Frederick IV (Ferry) (15 April 1282 - 23 August 1328), called the Fighter, was the Duke of Lorraine from 1312 to his death in 1328.

==Biography==
Frederick was born in Gondreville, the son and successor of Theobald II and Isabella of Rumigny.

On 18 October 1314, at the Diet of Frankfurt, the prince-electors of the Holy Roman Empire failed to elect as successor to Henry VII, Holy Roman Emperor, either the Habsburg claimant, Frederick the Handsome, the duke of Austria, or the Wittelsbach, Louis IV of Bavaria.

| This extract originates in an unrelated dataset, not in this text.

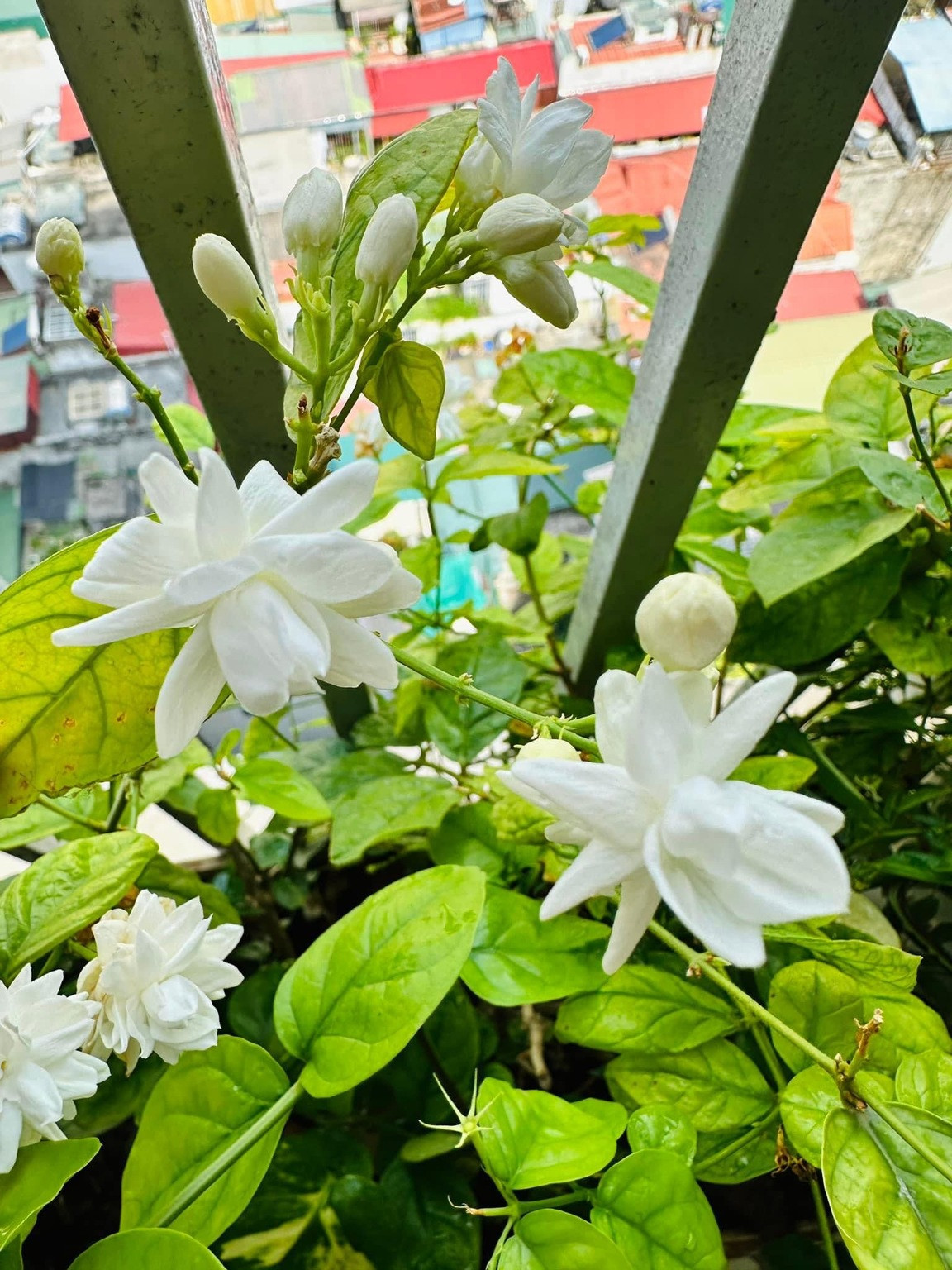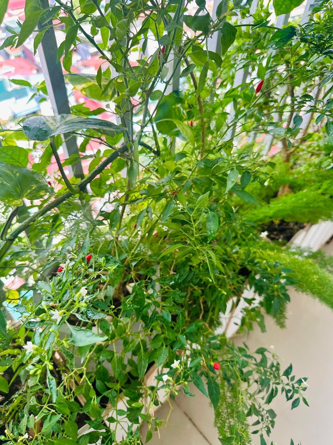 Góc ban công nhà Hoàng Trang ngập tràn hoa lá và cây cối xanh tươi. Cô lựa chọn những giống cây phù hợp với không gian sống, dễ chăm sóc và tạo cảm giác thư thái, bình yên sau mỗi ngày làm việc căng thẳng.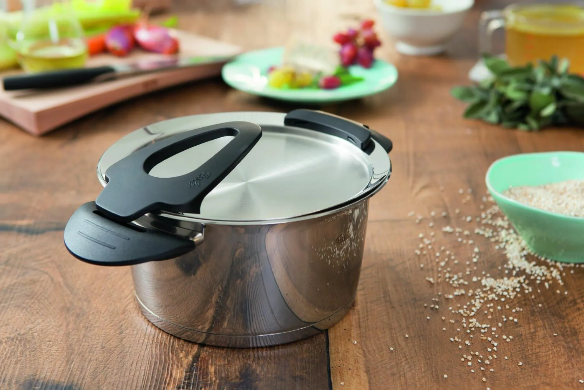 Das intelligente Topfset punktet vor allem durch seine integrierte Deckelablage. Der Deckel kann einfach in der Ablage festgesteckt werden, so bleibt Ihre Küche sauber und vermeidet das umständliche Ablegen des Deckels. Mit der raffinierten Abgießfunktion in Kombination mit dem extrabreiten Schüttrand lässt sich Flüssigkeit ganz leicht abgießen. Ein weiteres Highlight bringt die Stapelfunktion mit sich. Alle Töpfe, auch gleichen Durchmessers, lassen sich aufgrund der leicht konischen Form platzsparend stapeln.

By marriage to Elisabeth, daughter of Albert I of Germany, Frederick was the brother-in-law of Frederick the Handsome, called Frederick III of Germany by his supporters, of whom Frederick of Lorraine was one. On 28 September 1322, at the Battle of Mühldorf, both Fredericks were captured. This was an opportunity for Charles IV of France to strengthen the Lorrainer ties to France and he quickly procured the duke's release on the promise that Lorraine would not interfere in imperial affairs.

In 1324, he participated in an expedition in Aquitaine against Edward II of England's estates, for Charles IV had built a fortress illegally on Edward's territory and had sent his uncle, Count Charles III of Valois, against the English possessions after Hugh le Despenser and the Younger Despenser imprisoned Isabella of France, Charles IV's sister and Edward's queen. He took part in the War of Metz in 1325 and 1326. He joined Philip VI of France, on his succession in 1328, and fought and died at the Battle of Cassel.

==Personal life==
In 1304, Frederick IV married Elisabeth of Austria (1285–1352), daughter of Albert I of Austria the Emperor. They had the following children:
- Rudolph (1320–1346), his successor in Lorraine
- Margaret, married Jean de Chalon, lord of Auberive (died 1350), then Conrad, count of Freiburg, and lastly Ulrich (died 1377), lord of Rappoltstein
- Four children who died during childhood

==See also==
- Dukes of Lorraine family tree

==Sources==
- Bogdan, Henry (2007). "La Lorraine des ducs"
- George, Hereford Brooke (1875). "Genealogical Tables Illustrative of Modern History"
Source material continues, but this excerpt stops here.